▶ _INSTRUCTIONS TO FOLLOW_: Please give the whole listing again exactly, without any of its pictures.

▶ _INPUT DATA_:
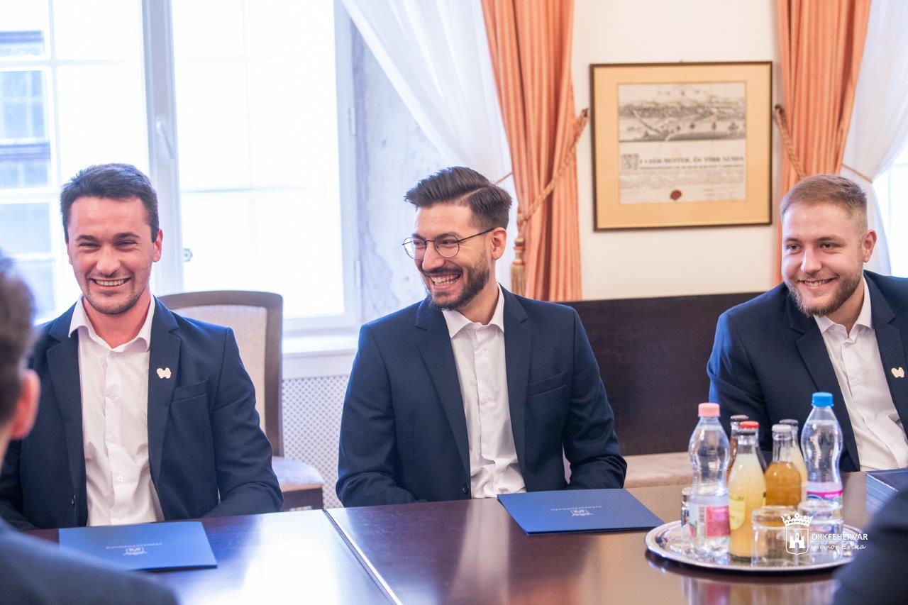 A kiemelkedő teljesítményt nyújtó fiatalokat pénteken kora délután fogadta a Városházán dr. Cser-Palkovics András polgármester, aki Mészáros Attila alpolgármesterrel közösen egy-egy emléklappal köszöntötte őket a város nevében.
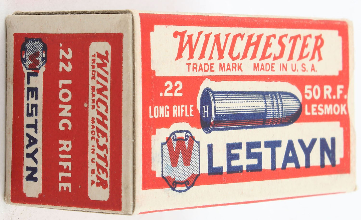 Winchester, Lestayn, .22 Long Rifle, RHWeb: WRA-13.5 LR-1a, Full, 1pc. Red white & blue box, box is MINT with minty color, corners are sharp, edges are crisp, end flaps are solid, ammo is good to very good. Grade: MINT - Value: 150 to 225
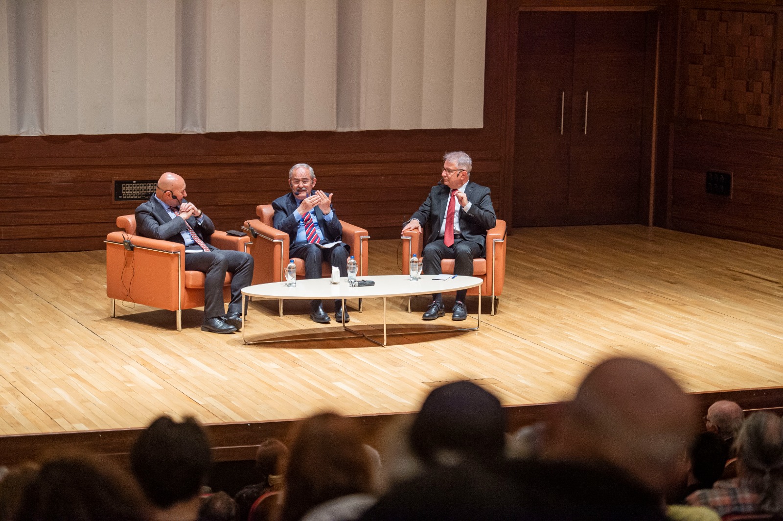 İzmir Büyükşehir Belediyesi’nin ev sahipliğinde düzenlenen “Cumhuriyetin İkinci Yüzyılına Girerken Kültür ve Sanatın Geleceği” sempozyumunun ilk gün etkinlikleri kapsamındaki “Yerel Yönetimler ve Sanat” konulu oturuma İzmir Büyükşehir Belediye Başkanı Tunç Soyer ile Eskişehir Büyükşehir Belediye Başkanı Yılmaz Büyükerşen konuşmacı olarak katıldı. Oturum yazar Yekta Kopan’ın moderatörlüğünde siyasetçi Ali Dinçer anısına düzenlendi.
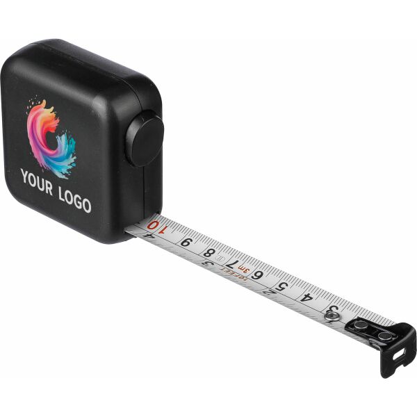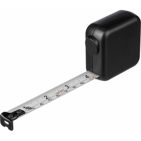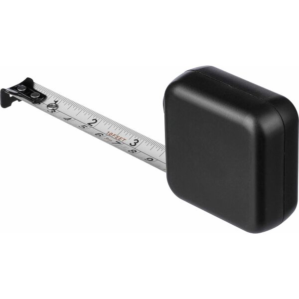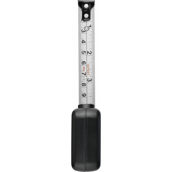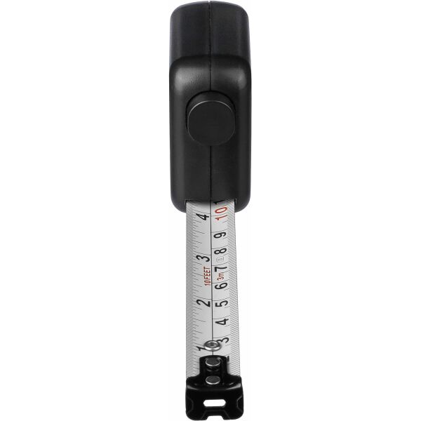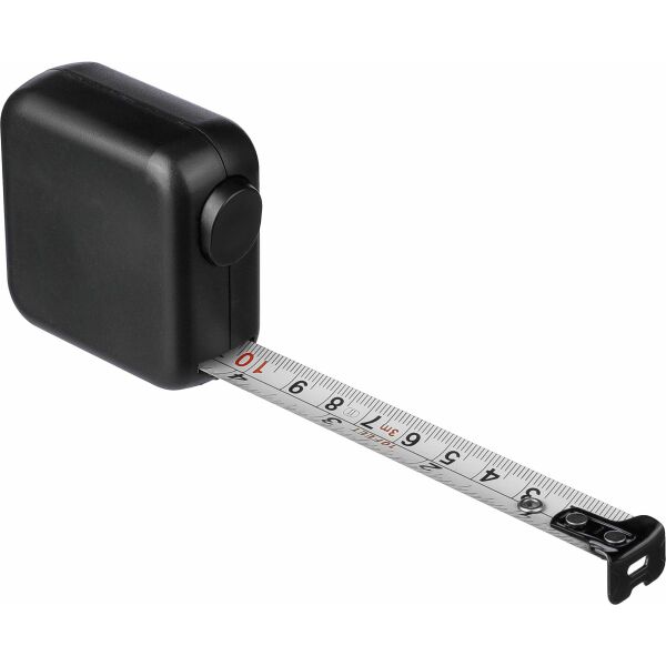 ABS meetlint. 3 meter lang. Lint van metaal (16 mm) bedrukt met zowel centimeters als inches. Ultrasoon geassembleerd (schroefloos). Voorzien van drukknop met vergrendeling. Per stuk verpakt in een bruin kartonnen doos.

▶ _EXERCISE RESPONSE_:
 A kiemelkedő teljesítményt nyújtó fiatalokat pénteken kora délután fogadta a Városházán dr. Cser-Palkovics András polgármester, aki Mészáros Attila alpolgármesterrel közösen egy-egy emléklappal köszöntötte őket a város nevében.
 Winchester, Lestayn, .22 Long Rifle, RHWeb: WRA-13.5 LR-1a, Full, 1pc. Red white & blue box, box is MINT with minty color, corners are sharp, edges are crisp, end flaps are solid, ammo is good to very good. Grade: MINT - Value: 150 to 225
 İzmir Büyükşehir Belediyesi’nin ev sahipliğinde düzenlenen “Cumhuriyetin İkinci Yüzyılına Girerken Kültür ve Sanatın Geleceği” sempozyumunun ilk gün etkinlikleri kapsamındaki “Yerel Yönetimler ve Sanat” konulu oturuma İzmir Büyükşehir Belediye Başkanı Tunç Soyer ile Eskişehir Büyükşehir Belediye Başkanı Yılmaz Büyükerşen konuşmacı olarak katıldı. Oturum yazar Yekta Kopan’ın moderatörlüğünde siyasetçi Ali Dinçer anısına düzenlendi.
 ABS meetlint. 3 meter lang. Lint van metaal (16 mm) bedrukt met zowel centimeters als inches. Ultrasoon geassembleerd (schroefloos). Voorzien van drukknop met vergrendeling. Per stuk verpakt in een bruin kartonnen doos.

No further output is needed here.